Шрифт:
Интервал:
Закладка:
Поверьте мне, люди смогут принять правильное решение и смогут осуществить его!
— Признаться, я потому и стремлюсь перейти через линию огня, чтобы получить хоть небольшую дозу настоящего социального оптимизма, — горячо проговорил Генрих. — Вы правы: это необходимо для того, чтобы жить. И еще больше для того, чтобы продолжать свою работу без кровоподтеков в сердце. Но поймите меня правильно — я перехожу этот рубикон не с какими-либо шпионскими или полушпионскими целями. Я далек от того, чтобы указывать объекты для ваших бомбардировщиков или сообщать какие-либо секретные сведения. Да я и не готовился к этому и совсем не располагаю данными подобного рода. Я иду к вам именно для того, чтобы понять, где выход.
— И правильно делаете! — воскликнул доктор. — Я думаю, что вам не надо останавливаться на полпути, несмотря на тяжесть создавшегося положения. По вашим немецким сводкам, армия Гитлера вот-вот захватит важнейшие центры Советской страны, Ленинград уже окружен, судьба Москвы также считается предрешенной. Я готов был прийти в отчаяние. Но ведь стоит обратить внимание и на такой факт: наша огромная страна не дала еще ни одного по-настоящему мощного сражения. Значит, это еще впереди, и, стало быть, говорить о нашем поражении еще нельзя, несмотря на все кажущиеся признаки.
Лейтенант быстро встал и заходил по небольшому пространству между окном и дверью.
— Вы сообщили, что мне угрожает опасность, — внезапно спросил он. — Откуда она? Что вы об этом знаете?
— Я не ручаюсь, но мне кажется, что вас уже разыскивают, — хмуро ответил доктор. — Какие-то люди вскрывали могилу на школьном дворе, которую я считал вашей могилой. Кстати, Мне до сих пор неизвестно ваше настоящее имя. Судя по запискам, вас зовут Генрих Клемме, но вот этот плакат…
Доктор взял со стола свернутую в трубку листовку «Подвиг русской женщины» и развернул его перед Клемме.
— Если не ошибаюсь, здесь тоже фигурируете вы, хотя и под именем Курта Штольца? — спросил он. — Не правда ли, тут есть какая-то путаница?
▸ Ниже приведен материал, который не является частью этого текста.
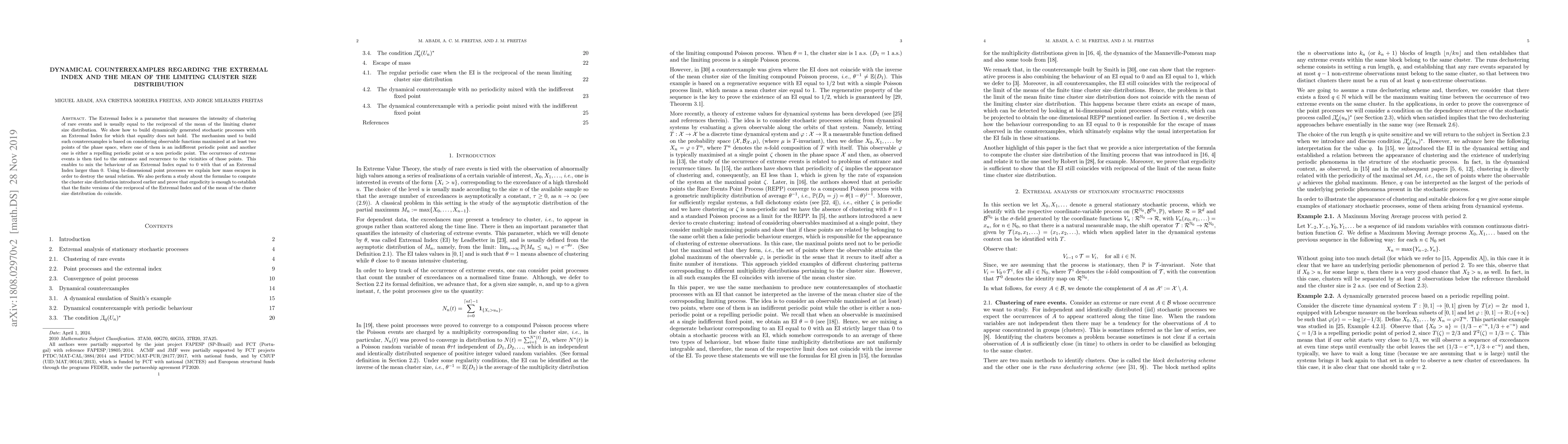 The Extremal Index is a parameter that measures the intensity of clustering of rare events and is usually equal to the reciprocal of the mean of the limiting cluster size distribution. We show how to build dynamically generated stochastic processes with an Extremal Index for which that equality does not hold. The mechanism used to build such counterexamples is based on considering observable functions maximised at at least two points of the phase space, where one of them is an indifferent periodic point and another one is either a repelling periodic point or a non periodic point. The occurrence of extreme events is then tied to the entrance and recurrence to the vicinities of those points. This enables to mix the behaviour of an Extremal Index equal to $0$ with that of an Extremal Index larger than $0$. Using bi-dimensional point processes we explain how mass escapes in order to destroy the usual relation. We also perform a study about the formulae to compute the limiting cluster size distribution introduced in \cite{FFT13,AFV15} and prove that ergodicity is enough to establish that the reciprocal of the Extremal Index is equal to the limit of the mean of the finite time cluster size distribution, which, in the case of the counterexamples given, does not coincide with the mean of the limit of the cluster size distribution.

— О да, доктор, это действительно путаница. Но я устроил ее сам и боюсь, что это очень скоро выяснится!
Доктор посмотрел в окно. Там все было обычно: от дома тянулся забор, дальше, в прогоне, виднелся стог свежего сена, за ним — низина, спускавшаяся к реке, невидимой за кустами. Небо опять стало серым. Буднично накрапывал дождь.
Он подвинул свой стул поближе к лейтенанту и заговорил совсем тихо.
— Недалеко отсюда, в лесных плавнях, есть наши вооруженные отряды. Они не очень велики по масштабам, но надежны вполне. Это наши партизанские части. Есть надежда переправить вас туда. При первой возможности вас доставят самолетом за линию фронта — в наш тыл.
Лейтенант глубоко задумался. Глаза его потемнели, и лоб пересекли две глубокие вертикальные морщины, придававшие его лицу одновременно выражение страдания и решимости.
— Что я должен для этого сделать? — .спросил он.
— Ничего. Возвращайтесь к себе и ведите себя так же, как всегда, чтобы не вызывать никаких подозрений. Но будьте наготове. Мы дадим вам знать. Вероятно, это будет не позднее, чем завтра, но, может быть, даже сегодня вечером.
Клемме встал и протянул руку.
— Да, совсем забыл, — сказал он, — где тут можно купить сигарет? Я обещал дежурному санитару.
— Возьмите у меня, — живо предложил доктор и тоже поднялся, чтобы проводить лейтенанта. — Тут не существует сейчас никакой торговли.
Он достал из письменного стола две пачки сигарет и отдал их Клемме.
УДАЧА
Смолинцев очнулся оттого, что кто-то волочил его за ногу по земле. Каска стучала о комья, и ремешок больно давил на горло.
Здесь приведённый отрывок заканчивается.